While modern optimizers can handle a variety of scenarios and you can still learn effective models with imperfect scaling, the original VAE paper used the scaling described above, and I recommend following that convention.

Mitigating Posterior Collapse: KL Annealing/Warmup

One common issue in training VAEs, especially with powerful decoders (like RNNs or deep CNNs), is posterior collapse. This happens when the KL term dominates the loss early in training. The model quickly learns to just output the prior distribution ($q(z|x) \approx p(z)$) to drive the KL loss to zero, effectively ignoring the latent code $z$. The decoder then becomes a powerful autoregressive model that ignores the latent input.

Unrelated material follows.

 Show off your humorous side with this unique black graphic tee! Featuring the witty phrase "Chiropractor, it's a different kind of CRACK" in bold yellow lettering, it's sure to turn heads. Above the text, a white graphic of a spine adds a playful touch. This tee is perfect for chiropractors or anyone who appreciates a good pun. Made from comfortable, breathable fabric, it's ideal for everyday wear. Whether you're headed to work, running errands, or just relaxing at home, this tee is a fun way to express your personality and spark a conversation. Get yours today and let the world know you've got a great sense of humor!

To prevent this, we often use KL Annealing (or Warmup). We introduce a weight $\beta$ for the KL term that starts at 0 and slowly increases to 1 over the first $N$ steps or epochs.

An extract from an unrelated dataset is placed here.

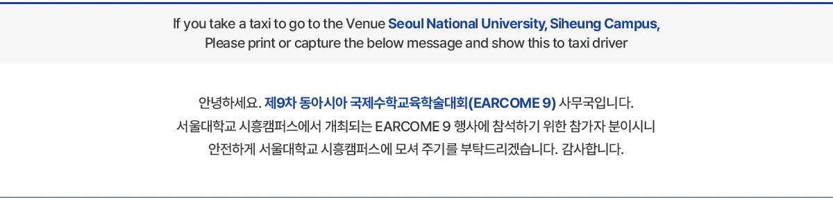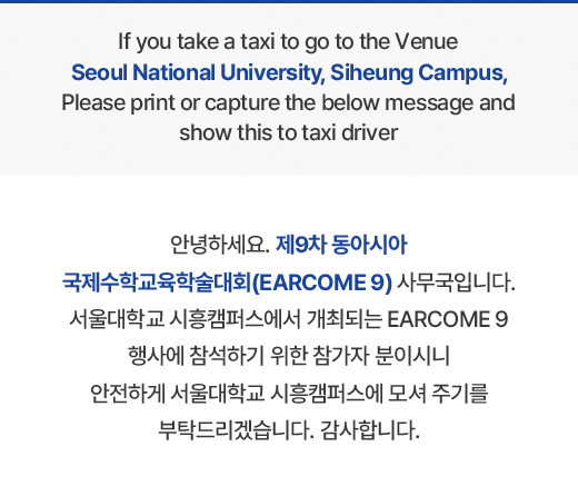 | Arrival | Halla Vivaldi Apartment → proceed on foot (2 min walk) → Seoul National University, Siheung Campus |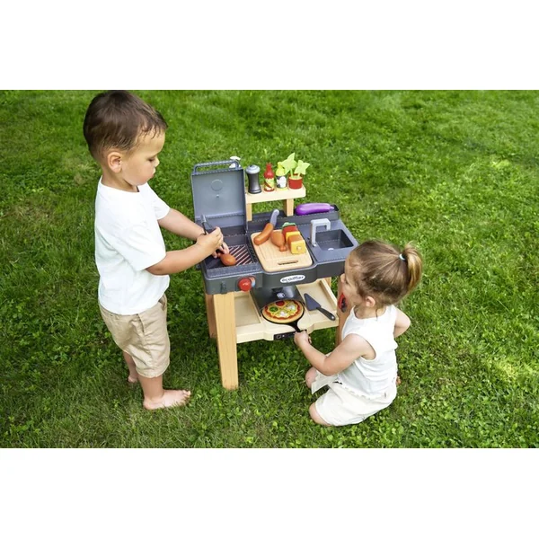 La cuisine de jardin d’été avec four à pizza d’Ecoiffier offre tout ce dont ont besoin les petits chefs.

$$ \mathcal{L} = \mathcal{L}_{recon} + \beta \cdot D_{KL} $$

This allows the model to focus purely on reconstruction first (using the full latent capacity), and then slowly adds the regularization pressure.

# Simple Linear Annealing Scheduler
def get_kl_weight(step, total_steps, max_val=1.0):
    val = (step / total_steps) * max_val
    return min(max(val, 0.0), max_val)

# In your training loop:
for epoch in range(epochs):
    beta = get_kl_weight(epoch, warmup_epochs)
    loss = recon_loss + beta * kl_loss

Parameterizing Standard Deviation

    def _sigma_to_std(self, sigma: torch.Tensor, eps: float = DEFAULT_EPS) -> torch.Tensor:
        """Convert sigma parameter to standard deviation."""
        if self.config.bound_std is not None:
            return torch.sigmoid(sigma) * self.config.bound_std + eps
        elif self.config.use_softplus_std:
            return F.softplus(sigma) + eps
        else:
            return torch.exp(0.5 * sigma)  # sigma represents log-variance

Parameterizing the mean of the latent distribution is straightforward since $\mu \in \mathbb{R}$. However, the standard deviation $\sigma$ must be strictly positive (as must the variance $\sigma^2$). This type of constrained optimization is challenging for neural networks.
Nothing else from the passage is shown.